- Your goal: Would you please transcribe, exactly as written, the lines of the entries below starting at the one that holds "星期一(11月22号)早盘开" and ending at the one that holds "A metal toilet", both included?

- Given records:
------------
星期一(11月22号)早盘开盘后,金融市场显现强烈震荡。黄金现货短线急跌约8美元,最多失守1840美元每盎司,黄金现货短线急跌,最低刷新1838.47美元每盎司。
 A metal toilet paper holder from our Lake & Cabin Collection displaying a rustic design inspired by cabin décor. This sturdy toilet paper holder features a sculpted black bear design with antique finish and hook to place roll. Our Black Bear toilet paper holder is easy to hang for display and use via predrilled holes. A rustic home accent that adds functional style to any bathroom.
------------
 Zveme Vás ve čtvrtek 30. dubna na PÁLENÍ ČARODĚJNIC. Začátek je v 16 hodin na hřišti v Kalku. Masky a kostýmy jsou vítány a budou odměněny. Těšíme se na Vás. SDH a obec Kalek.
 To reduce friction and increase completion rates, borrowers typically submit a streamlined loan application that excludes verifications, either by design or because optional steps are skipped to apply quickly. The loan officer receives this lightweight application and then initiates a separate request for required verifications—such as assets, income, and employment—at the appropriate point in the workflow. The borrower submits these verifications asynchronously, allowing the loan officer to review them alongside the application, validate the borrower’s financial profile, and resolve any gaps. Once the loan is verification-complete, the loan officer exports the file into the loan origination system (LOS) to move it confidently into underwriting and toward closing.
------------
- Answer:
星期一(11月22号)早盘开盘后,金融市场显现强烈震荡。黄金现货短线急跌约8美元,最多失守1840美元每盎司,黄金现货短线急跌,最低刷新1838.47美元每盎司。
 A metal toilet paper holder from our Lake & Cabin Collection displaying a rustic design inspired by cabin décor. This sturdy toilet paper holder features a sculpted black bear design with antique finish and hook to place roll. Our Black Bear toilet paper holder is easy to hang for display and use via predrilled holes. A rustic home accent that adds functional style to any bathroom.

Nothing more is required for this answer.